Each of us has at least one friend who sees sport as a real hobby. A long run, a challenging HIIT training or concentrated strength training: a sports person sees everything as fun and a fun pastime, while you stand by and think: “I want THAT too!” Unfortunately, not all of us have the spirit of sport in our genes. On the contrary: Even with the knowledge that fitness is one of the keys to a healthy life, we cannot motivate ourselves.

Exercise can scare you and trigger even more stress – although physical activity serves to reduce stress! In the Corona period, when some people said goodbye to their inner sports gruff, we wrote an article about the various factors that keep you from regular training. Including the negative association with the sport.

Shame & pain make you unhappy

Shame & pain make you unhappy

“The training has to hurt; otherwise, it was not effective!” We carry this sentence around with us in the back of our heads. And yes, especially as an inexperienced person, a fitness session is not always easy to complete. You sweat, you gasp – you sometimes reach your limits. But sport is not a punishment! That’s why it’s counterproductive to tell yourself that nothing is worse than a workout.
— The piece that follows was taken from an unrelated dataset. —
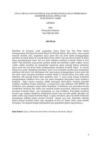 UPAYA PENAL DAN NON PENAL DALAM PENANGGULANGAN PEREDARAN KOSMETIK ILEGAL DIWILAYAH HUKUM KOTA JAMBI ARTIKEL Oleh Firsleydent Simbolon Nim ERB10012080 ABSTRAK Penelitian ini bertujuan untuk mengetahui Upaya Penal dan Non Penal Dalam Penanggulangan Peredaran Kosmetik Illegal Di Wilayah Hukum Kota Jambi, yang menjadi rumusan masalah yaitu, bagaimana upaya penal dan non penal dalam penanggulangan peredaran kosmetik illegal di wilayah hukum Kota Jambi? Apa saja faktor kendala di dalam upaya penanggulangan penal dan non penal terhadap peredaran kosmetik illegal di kota jambi? Tipe penelitian yang penulis gunakan adalah tipe penelitian yuridis empiris. Secara yuridis empiris penelitian ini mempelajari bagaimana aparat penegak hukum melakukan upaya penal dan non penal dalam penanggulangan peredaran kosmetik illegal di wilayah hukum kota jambi. Spesipikasi penelitian, yaitu secara deskriptif, peneliti akan memberikan gambaran dari proses dan pelaksanaan dari upaya-upaya penanggulangan secara penal dan non penal untuk mengatasi peredaran kosmetik illegal di wilayah hukum kota jambi yang dilakukan oleh penegak hukum hasil penelitian yaitu; 1) upaya penal dengan melakukan penanggulangan kejahatan lewat jalur non penal merupakan pencegahan untuk terjadinya kejahatan , maka sasaran utamanya adalah menangani faktor-faktor kondusif penyebab terjadinya kejahatan dengan melakukan: a) pengawasan yang dilakukan oleh BPOM, dan melakukan razia gabungan dengan pihak Kepolisian; b) himbauan atau penyuluhan berupa memberikan informasi dan arahan atau masukan kepada masyarakat, khususnya mengenai peredaran kosmetik illegal atau mengandung zat yang berbahaya. Penyuluhan kesadaran tersebut juga meliputi melakukan melaporkan kepada yang berwajib apabila diketahui ada pelaku usaha yang menjual kosmetik illegal. 2) upaya non penal, upaya ini adalah melakukan penangkapan terhadap pelaku penjual kosmetik dengan cara razia. Kemudian terhadap pelaku penjual kosmetik illegal yang tertangkap di bawa ke Kantor Polisi untuk diambil keterangan dan diajukan hingga kepengadilan guna penjatuhan pidana bagi pelakunya. Kata Kunci: Upaya, Penal dan Non Penal, Peredaran, Kosmetik, Illegal.

According to a sports specialist, the body takes a long time to get used to regular exercise. It is also normal not to be able to master hardcore workouts immediately after a few weeks. Nevertheless, you do this agony again and again because the training has to hurt – you want to see results at some point!

The toxic circle of physical agony and negative associations closes. But how do you say: All terrible things come in threes? Because we haven’t even addressed the shame that arises when you fail to achieve a goal over and over again. Because many of us are incredibly self-critical, and this means, the inner voice doesn’t care whether the workout was too difficult. Thoughts like “You are just too bad” or “You will never work it out – everyone else can do it too, except you.” are slowly but surely crushing our relationship with sports.

Negative motivation generates negative emotions

Negative motivation generates negative emotions

In psychology, a distinction is made between the internal motivation that arises from oneself (intrinsic) and that motivation that is influenced by external factors (extrinsic). The latter factors can be positive (reward) but also negative (punishment). If you want to integrate sport into your everyday life successfully, you should start by rewarding yourself for doing sport. If you do this consistently, you should get intrinsic motivation at some point. In other words, the pure joy of sport itself, regardless of reward or punishment.

Some of us also find negative factors such as fear, stress, or frustration motivating. But that is not a long-term path to success. Because we want the sport to be something positive. And that doesn’t work if we throw all sorts of mean things at ourselves.